Der Gründer ist zugleich einziger Gesellschafter des Unternehmens und wird als alleiniger Geschäftsführer geführt.

Diese Rechtsform unterliegt den gleichen Gesetzen und Regeln wie die klassische GmbH. Somit profitieren Sie aber auch von den Vorteilen der GmbH.

Vorteile der Ein-Personen-GmbH

  • Gutes Image und höhere Bonität: Das hohe Stammkapital von 25.000 Euro kann Ihnen bei Banken und Geschäftspartnern einen Vorteil verschaffen. Denn das hohe Stammkapital lässt eine hohe Bonität vermuten.
  • Betriebliche Altersvorsorge: Ihnen stehen 5 Wege der betrieblichen Altersvorsorge (inklusive Vorteile für die Absicherung der Familie) offen. Ein eigener Beitrag dazu entsteht in Kürze.
  • Erb- und Nachfolgeplanung gut planbar: Mit der GmbH lassen sich das Erbe und die Nachfolge gut planen.
  • Haftungsbeschränkung: Sie haften nur mit Ihrem Gesellschafts- und nicht mit Ihrem Privatvermögen.
    Falls Sie sich für weiterführende Informationen zum Thema Haftungsbeschränkung interessieren, kann ich Ihnen meinen Beitrag „GmbH, UG, KG, AG – Welche Haftungsrisiken haben Sie als Geschäftsführer?“ empfehlen. Klicken Sie zum Lesen einfach auf den nachfolgenden Link: https://www.steuerberatung-breit.de/gmbh-ug-kg-ag-welche-haftungsrisiken-haben-sie-als-unternehmer/

Nachteile der Ein-Personen-GmbH

  • Sehr hohe Jahressabschlusskosten und Veröffentlichungspflicht: Bei einer Ein-Personen-GmbH müssen Sie mit sehr hohen Jahresabschlusskosten rechnen. Zudem sind Sie dazu verpflichtet, den Jahresabschluss zu veröffentlichen.
  • Teurere Bilanzerstellung: Im Vergleich zur UG ist die Erstellung der Bilanz kostenintensiver, weil die Ein-Personen-GmbH höhere Gegenstandswerte hat.
  • Hohes Stammkapital: Das Stammkapital in Höhe von 25.000 Euro kann nicht nur vorteilhaft sein. Denn bei einer Ein-Personen-GmbH müssen Sie dieses alleine stemmen bzw. die Hälfte der Summe bis zur Gründung eingezahlt haben
  • Hohe Notarkosten: Wenn Sie eine Ein-Mann-GmbH gründen wollen, müssen Sie mit Gründungskosten beim Notar in Höhe von ca. 1.200 Euro rechnen.
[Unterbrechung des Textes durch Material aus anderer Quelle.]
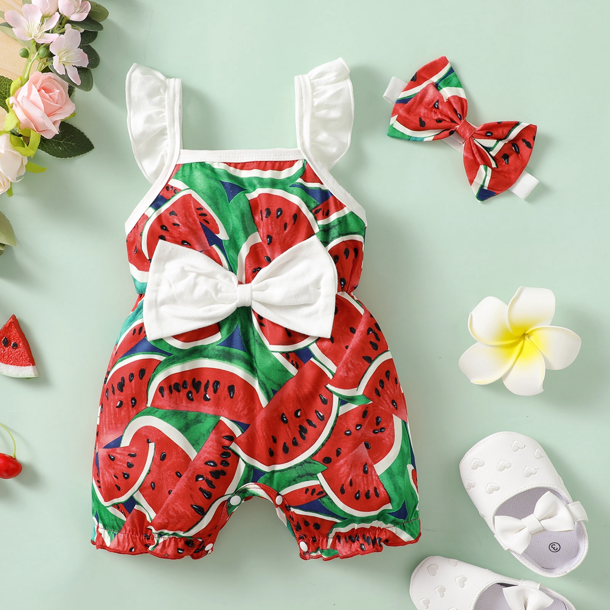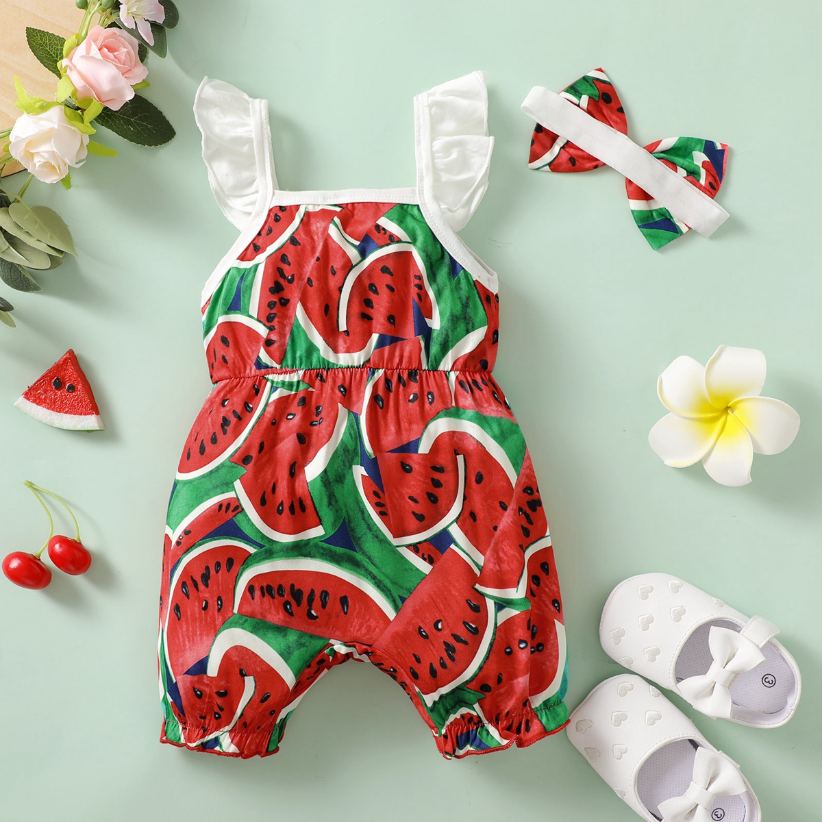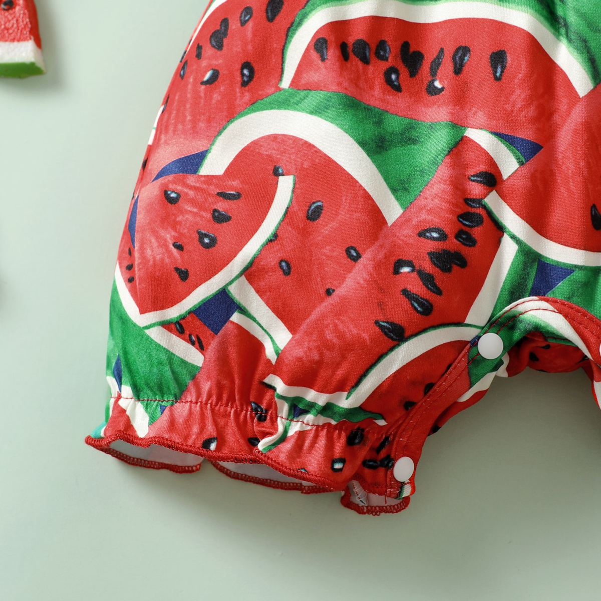Baby Girl Cute Watermelon Ruffle Sleeve Bodysuit with Headband Wholesale
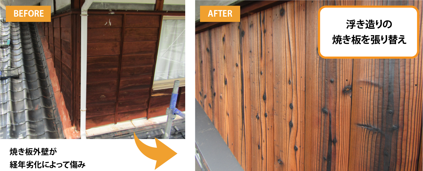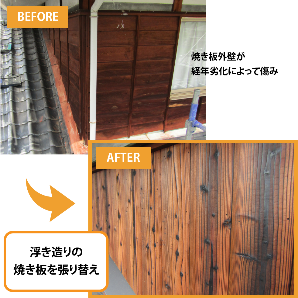 焼き板の腐敗や剥がれが進行している場合は、一から張り替えることも可能です。
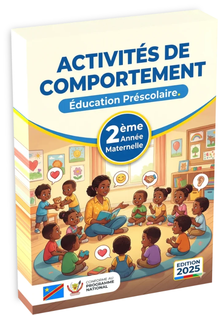 0.1. Note pédagogique à l’enseignant Ce manuel constitue le socle didactique pour la mise en œuvre du domaine d’apprentissage « Activités de comportement » en deuxième année maternelle, conformément au Programme National de l’Enseignement Maternel (PNEM 2021). Il structure l’éducation aux valeurs morales, civiques et spirituelles, essentielles à la socialisation de l’enfant de quatre ans. L’éducateur trouvera ici une progression thématique rigoureuse visant à transformer l’égocentrisme naturel de l’enfant en une ouverture harmonieuse vers l’autre et la communauté. L’approche privilégie le vécu quotidien, l’exemple et la narration pour ancrer les valeurs dans la réalité congolaise.
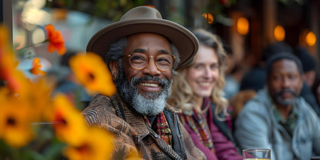 Veterans from diverse backgrounds bonding over memories and camaraderie on a sunny day at a street cafe. Concept Veterans, Diversity, Bonding, Memories, Camaraderie
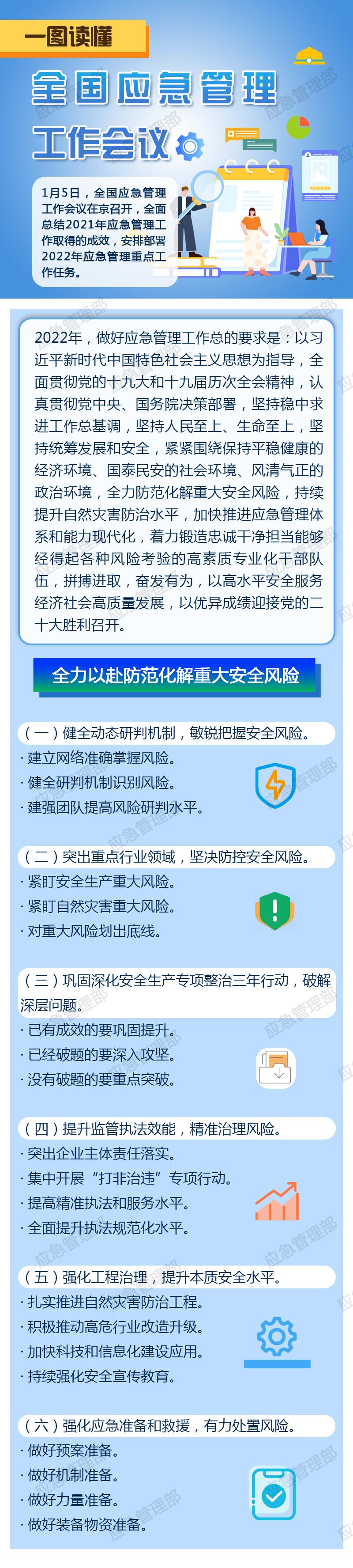 1月5日全国应急管理工作会议在京召开2021年应急管理工作取得了哪些成效?2022年安排部署了哪些重点工作任务?一起看图了解↓↓↓end扫描二维码关注我们微信号:南山应急指挥中心来源 中华人民共和国应急管理部编辑 南山应急君

Das ist das 6-fache wie bei einer UG-Gründung.
  • Keine ultimative Haftungsbeschränkung: Die beschränkte Haftung kann durch Finanzamt oder durch Bank-Bürgschaften durchbrochen werden.

Rechtsform #2: Die UG

Die Unternehmergesellschaft (=UG) zählt zu den haftungsbeschränkten Kapitalgesellschaften. Um eine UG zu gründen, benötigen Sie nur 1 Euro Stammkapital.

Ansonsten unterliegt sie prinzipiell den gleichen Gesetzen wie die Gesellschaft mit beschränkter Haftung (= GmbH).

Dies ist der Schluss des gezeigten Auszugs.